Leaving out the images, return the data below exactly as it is written.

Data below section start

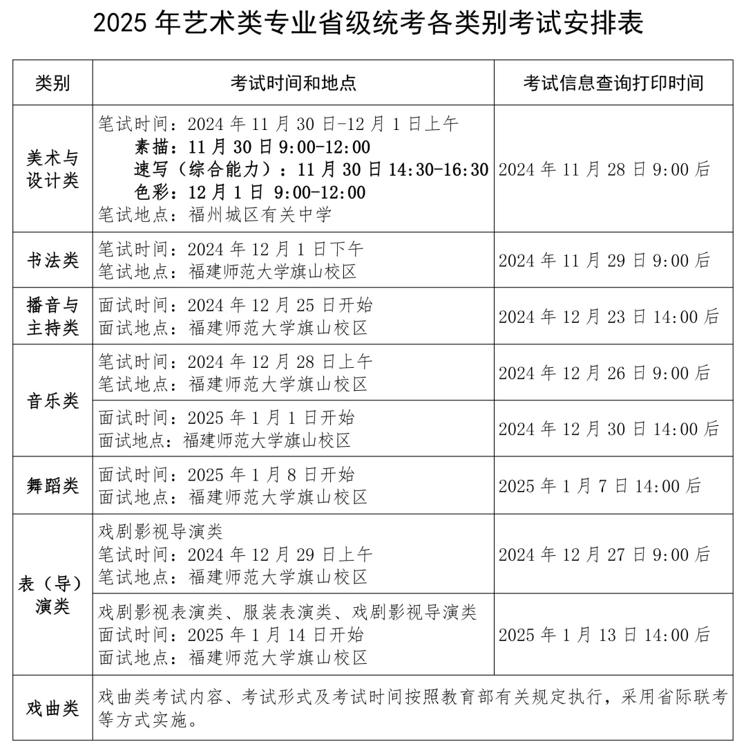 日前,福建省教育厅印发《关于做好2025年普通高校招生艺术类专业省级统一考试工作的通知》,2025年艺术类省级统考定于2024年11月至2025年1月进行,各类别考试时间具体如下:
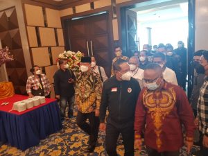 Caption : Menpora Zainudin Amali, saat memasuki ruang Ballroom Hotel Plaza Inn, Kendari – Sulawesi Tenggara.
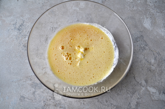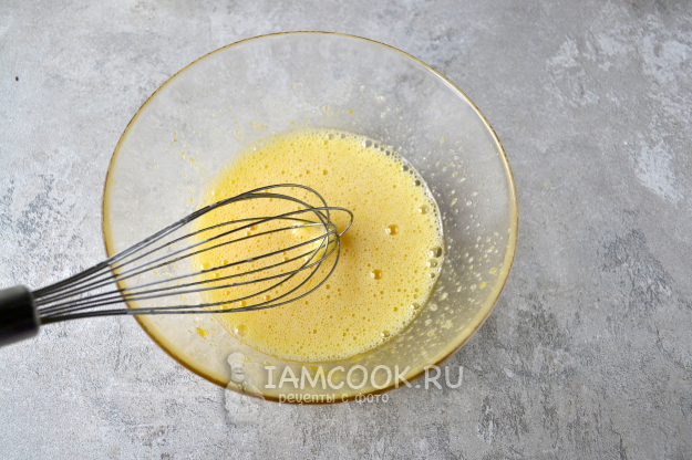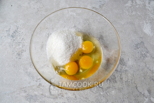 Когда манка набухнет, влейте к ней взбитые с сахаром яйца.

Data below section end

Exercise response:
 日前,福建省教育厅印发《关于做好2025年普通高校招生艺术类专业省级统一考试工作的通知》,2025年艺术类省级统考定于2024年11月至2025年1月进行,各类别考试时间具体如下:
 Caption : Menpora Zainudin Amali, saat memasuki ruang Ballroom Hotel Plaza Inn, Kendari – Sulawesi Tenggara.
 Когда манка набухнет, влейте к ней взбитые с сахаром яйца.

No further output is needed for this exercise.